> _About this task_: Everything in the records below except the pictures must be written out exactly.

> _Supplied material_:
--

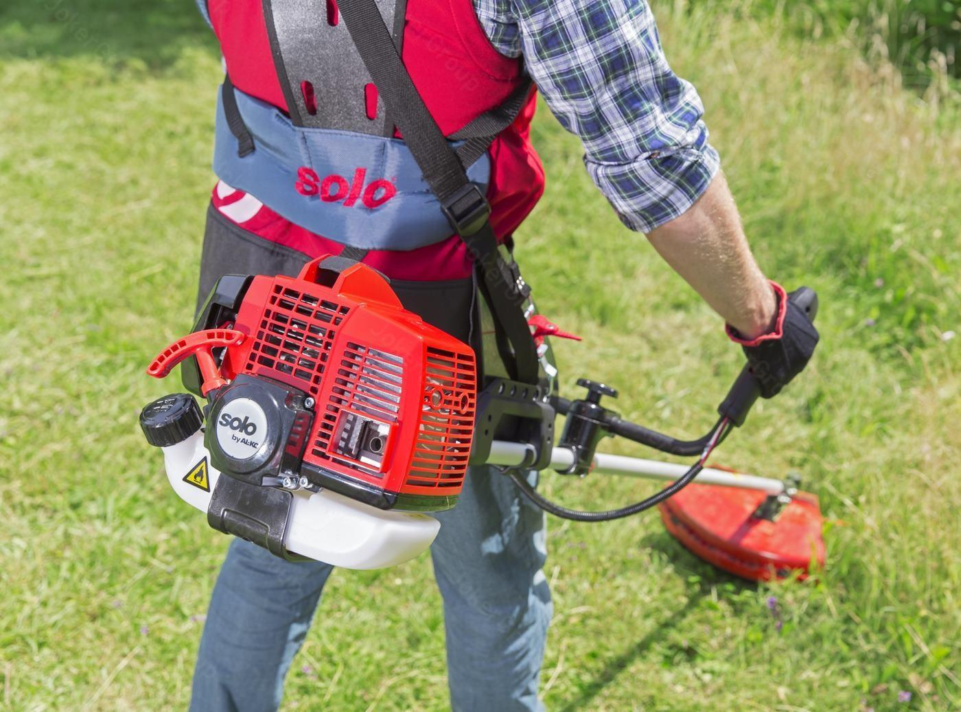 Kosa spalinowa solo® by AL-KO 140 B z pasem nośnym i tarczą tnącą.
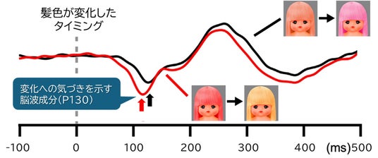 刺激の変化に伴って観察される脳活動です。視覚、聴覚、体性感覚などのモダリティーによらずに、安定した脳活動として記録することができます。本研究ではお人形画像の髪の毛の色変化に伴う変化関連脳活動を計測しています。
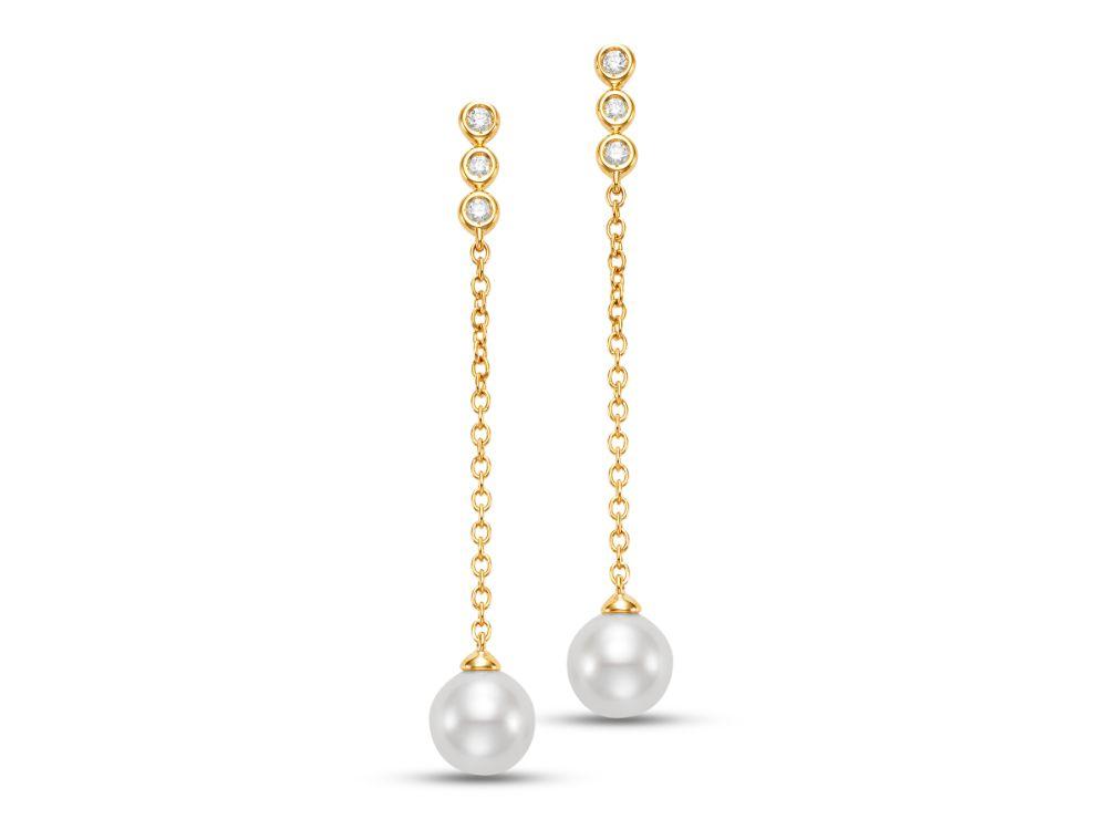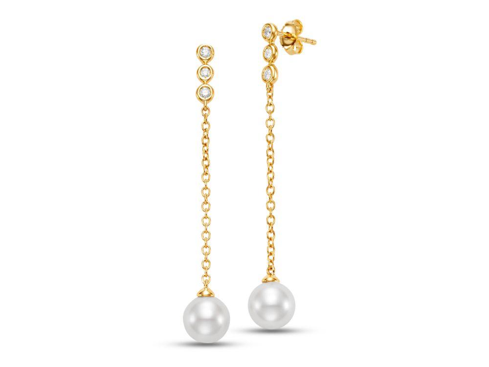Product Description Modern and elegant, these drop style earrings feature two freshwater pearls measuring 6.0-7.5 millimeters and round brilliant cut diamonds totaling 0.03 carats. Other Details Type: Earrings Earring Type: Gemstones Gemstone Type: Pearl Style: Contemporary Women Wedding Band Type: Gemstone Metal Color: Yellow Gold Disable Reason: None Total Setting Diamond Carat Weight: 0.03TW
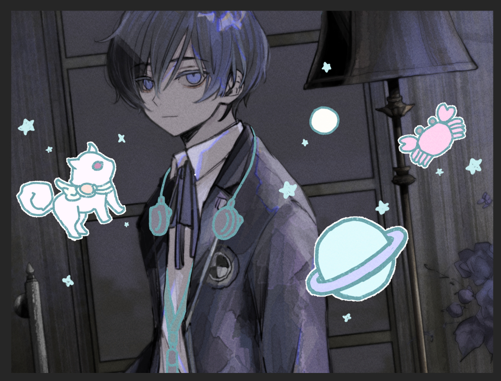 1boyarms at sidesblack borderblack jacketblue eyesblue hairblue ribbonborderchibiclosed mouthcrabdigital media playerdigital walkmandogdrawn objectdrawn stardutch angleearphonesfloor lampgekkoukan high school uniformhair between eyesindoorsjacketlamplampshadelong sleeveslooking at viewermale focusopen clothesopen jacketplanetribbonsaturn (planet)school uniformshirtshort hairupper bodywalkman nw-s203fwhite shirtwindow
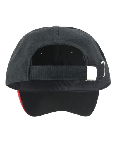 350 g/qm • 100% Baumwolle • 6-teilig • Luftösen • Kontrastfarbene Einsätze zwischen den beiden vorderen Panels sowie bogenförmiger Kontrast auf Schirm • Verstellbarer Klemmverschluss.
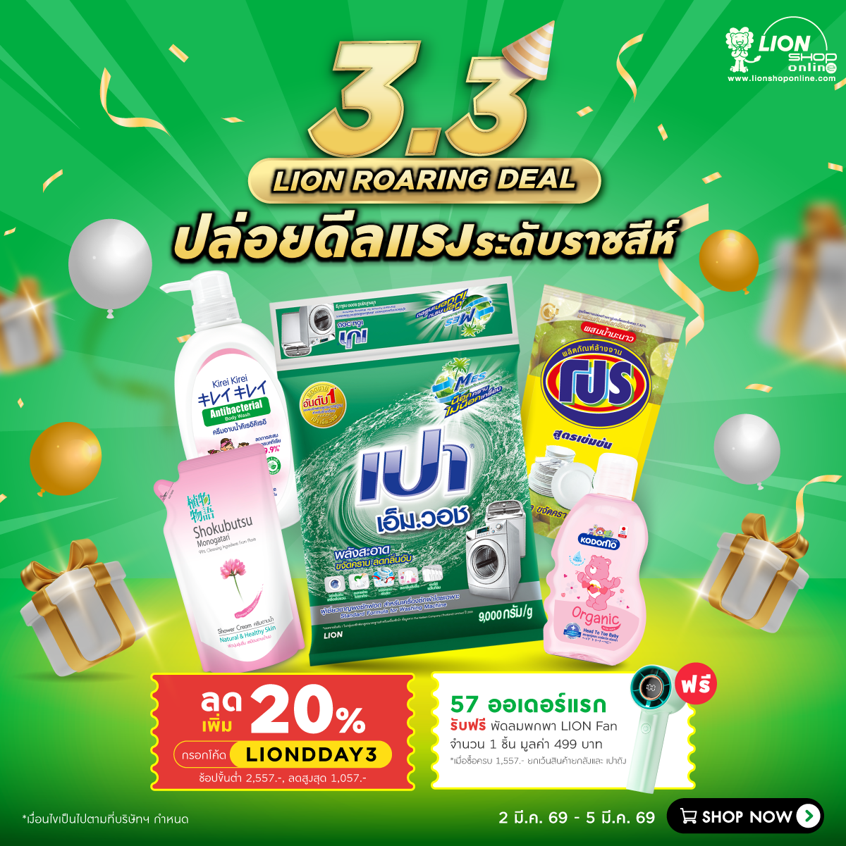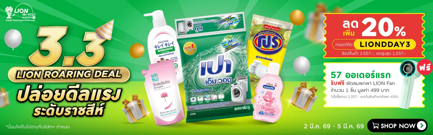 ![[แพ็ก 2 ฟรี 1] KODOMO แป้งเด็ก โคโดโม 350 กรัม [เลือกสูตรด้านใน]](http://lionshoponline.com/cdn/shop/files/NEWPACK_KODOMO_Baby_Powder_350g-05_0.jpg?v=1768985870&width=370)
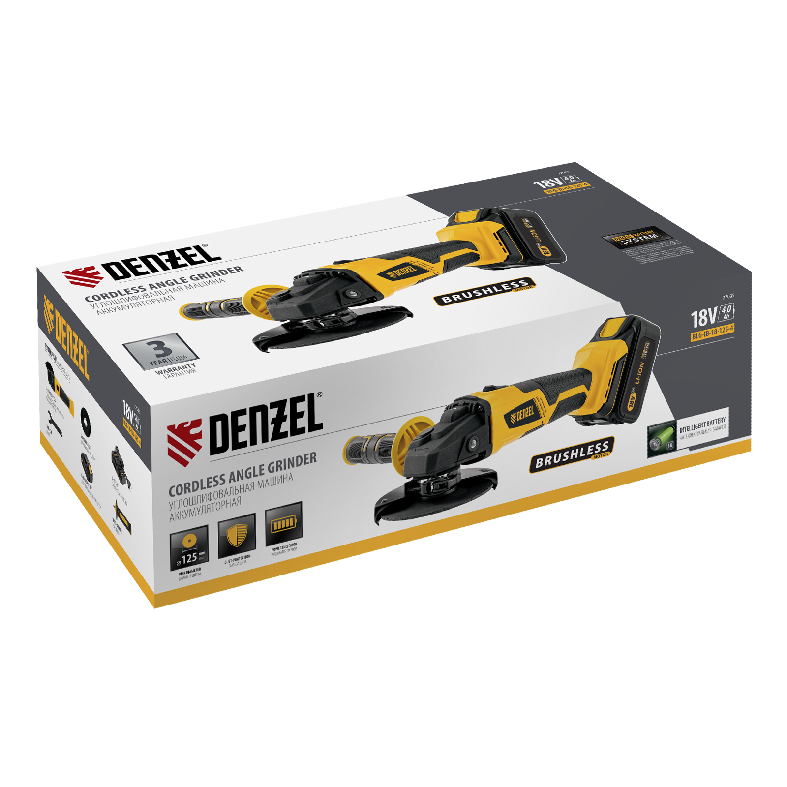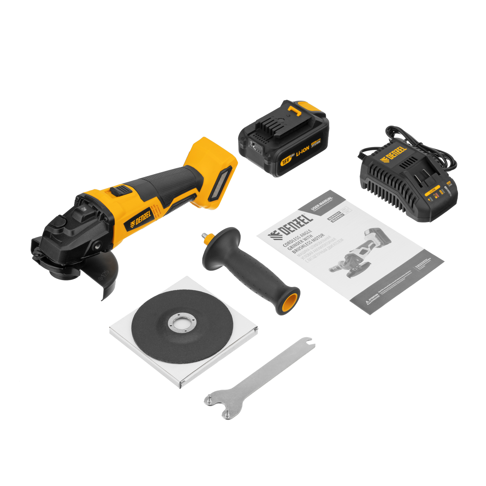 Машина углошлифовальная аккумуляторная бесщет. BLG-IB-18-125-4, Li-ion, 18 В Denzel в Краснодаре
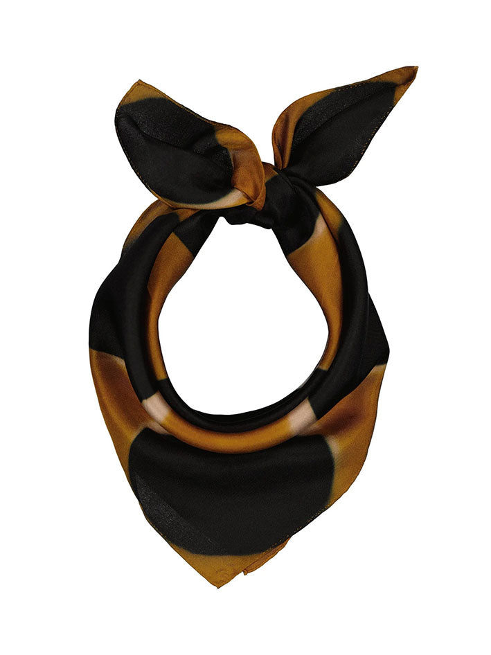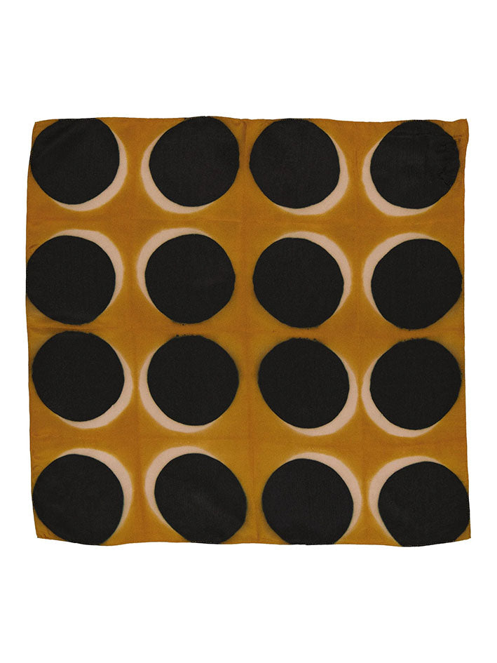 ÉCLIPSE, hand dyed and graphic Silk Bandana, by Denovembre with pigmented colors. The pattern is obtained by folding and dyeing "Itajime" process.
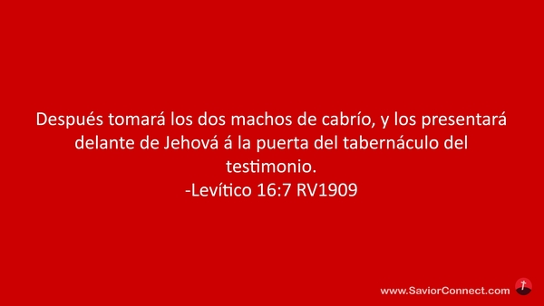 Después tomará los dos machos de cabrío, y los presentará delante de Jehová á la puerta del tabernáculo del testimonio. -Levítico 16:7 RV1909
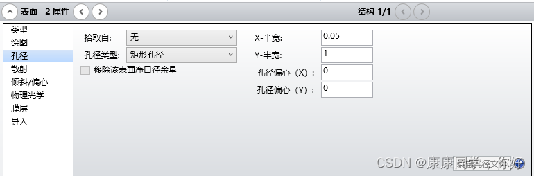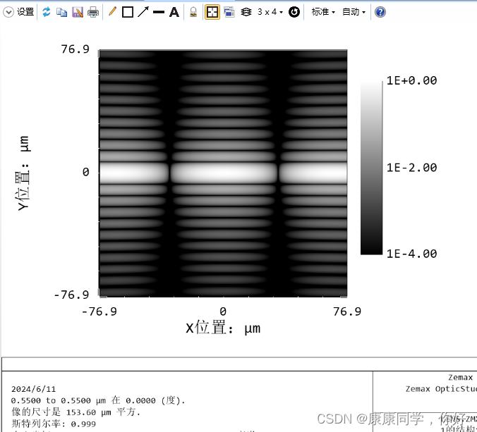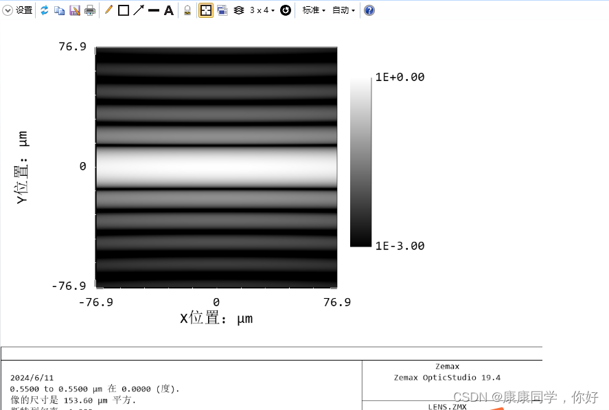 接着,可将矩形光阑变为狭缝,只要将其中一个边长减小到足够小即可。如图10所示,将便面2的矩形孔径减小为0.05mm,Y方向保持为1mm。然后更新点扩散函数分析图,如图11所示,即为狭缝衍射的图形。不过,需要注意的是,孙然矩形狭缝光阑的x方向为窄方向,但经过透镜变换后,衍射条纹的排列确实沿着Y方向,烟味孔径尺寸小,所以聚焦后的衍射极限尺寸反而更大;而Y方向因为孔径尺寸大,所以聚焦后的衍射极限尺寸却更小。
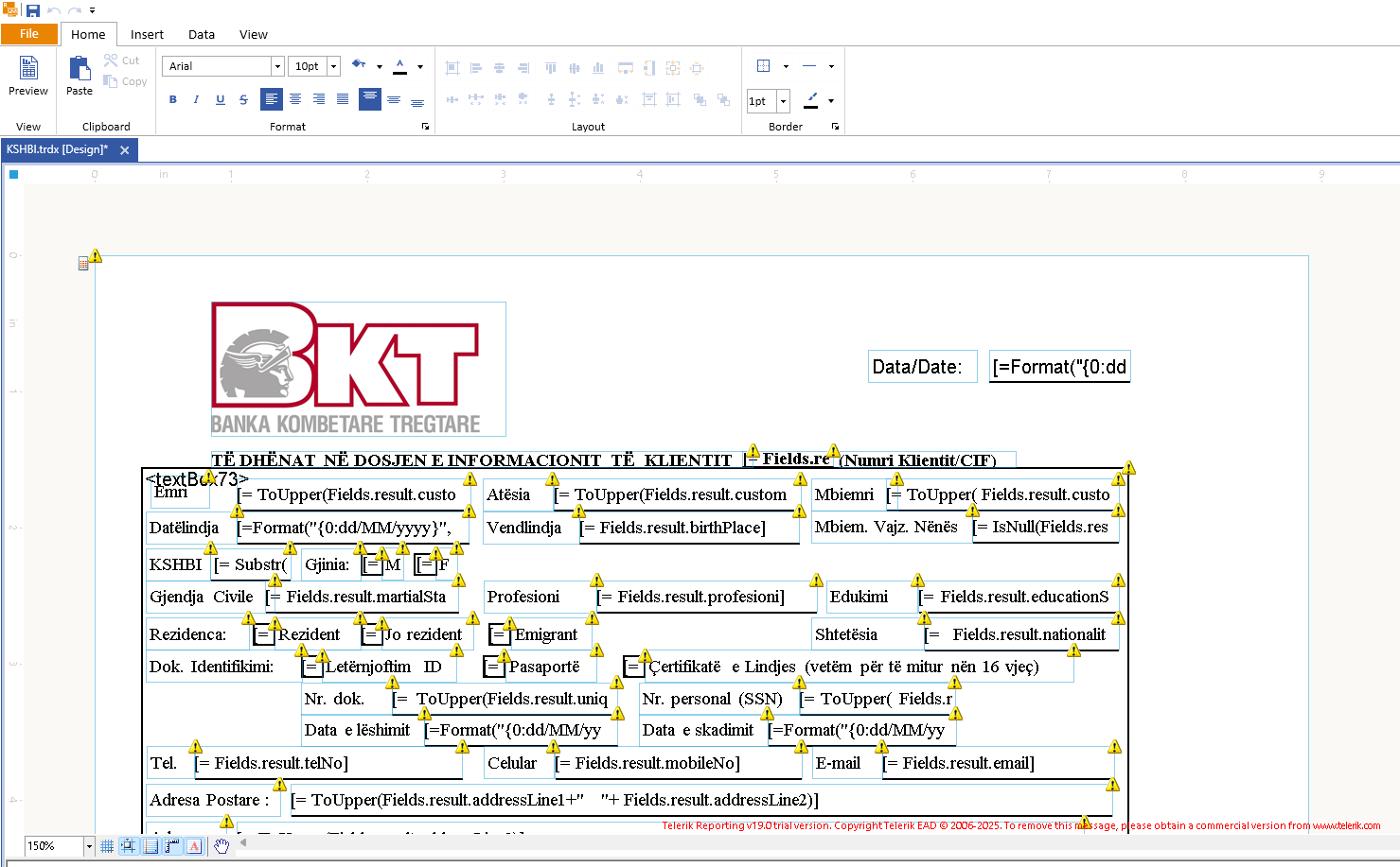 In the red Trial message from the Standalone Report Designer screenshot, I see Telerik Reporting version 19. There is no indication of the designer being connected to a Report Server. Do you use Telerik Reporting for building your application that exports PDF documents? If so, do you use the Skia graphics engine (see processing Element) on Linux when deploying on Kubernetes? What is the exact Reporting version on your application? We are aware of issues with Skia, and some of them have already been addressed in our latest releases.

--

> _Solution for this task_:
 Kosa spalinowa solo® by AL-KO 140 B z pasem nośnym i tarczą tnącą.
 刺激の変化に伴って観察される脳活動です。視覚、聴覚、体性感覚などのモダリティーによらずに、安定した脳活動として記録することができます。本研究ではお人形画像の髪の毛の色変化に伴う変化関連脳活動を計測しています。
Product Description Modern and elegant, these drop style earrings feature two freshwater pearls measuring 6.0-7.5 millimeters and round brilliant cut diamonds totaling 0.03 carats. Other Details Type: Earrings Earring Type: Gemstones Gemstone Type: Pearl Style: Contemporary Women Wedding Band Type: Gemstone Metal Color: Yellow Gold Disable Reason: None Total Setting Diamond Carat Weight: 0.03TW
 1boyarms at sidesblack borderblack jacketblue eyesblue hairblue ribbonborderchibiclosed mouthcrabdigital media playerdigital walkmandogdrawn objectdrawn stardutch angleearphonesfloor lampgekkoukan high school uniformhair between eyesindoorsjacketlamplampshadelong sleeveslooking at viewermale focusopen clothesopen jacketplanetribbonsaturn (planet)school uniformshirtshort hairupper bodywalkman nw-s203fwhite shirtwindow
 350 g/qm • 100% Baumwolle • 6-teilig • Luftösen • Kontrastfarbene Einsätze zwischen den beiden vorderen Panels sowie bogenförmiger Kontrast auf Schirm • Verstellbarer Klemmverschluss.
 ![[แพ็ก 2 ฟรี 1] KODOMO แป้งเด็ก โคโดโม 350 กรัม [เลือกสูตรด้านใน]](http://lionshoponline.com/cdn/shop/files/NEWPACK_KODOMO_Baby_Powder_350g-05_0.jpg?v=1768985870&width=370)
 Машина углошлифовальная аккумуляторная бесщет. BLG-IB-18-125-4, Li-ion, 18 В Denzel в Краснодаре
 ÉCLIPSE, hand dyed and graphic Silk Bandana, by Denovembre with pigmented colors. The pattern is obtained by folding and dyeing "Itajime" process.
 Después tomará los dos machos de cabrío, y los presentará delante de Jehová á la puerta del tabernáculo del testimonio. -Levítico 16:7 RV1909
 接着,可将矩形光阑变为狭缝,只要将其中一个边长减小到足够小即可。如图10所示,将便面2的矩形孔径减小为0.05mm,Y方向保持为1mm。然后更新点扩散函数分析图,如图11所示,即为狭缝衍射的图形。不过,需要注意的是,孙然矩形狭缝光阑的x方向为窄方向,但经过透镜变换后,衍射条纹的排列确实沿着Y方向,烟味孔径尺寸小,所以聚焦后的衍射极限尺寸反而更大;而Y方向因为孔径尺寸大,所以聚焦后的衍射极限尺寸却更小。
 In the red Trial message from the Standalone Report Designer screenshot, I see Telerik Reporting version 19. There is no indication of the designer being connected to a Report Server. Do you use Telerik Reporting for building your application that exports PDF documents? If so, do you use the Skia graphics engine (see processing Element) on Linux when deploying on Kubernetes? What is the exact Reporting version on your application? We are aware of issues with Skia, and some of them have already been addressed in our latest releases.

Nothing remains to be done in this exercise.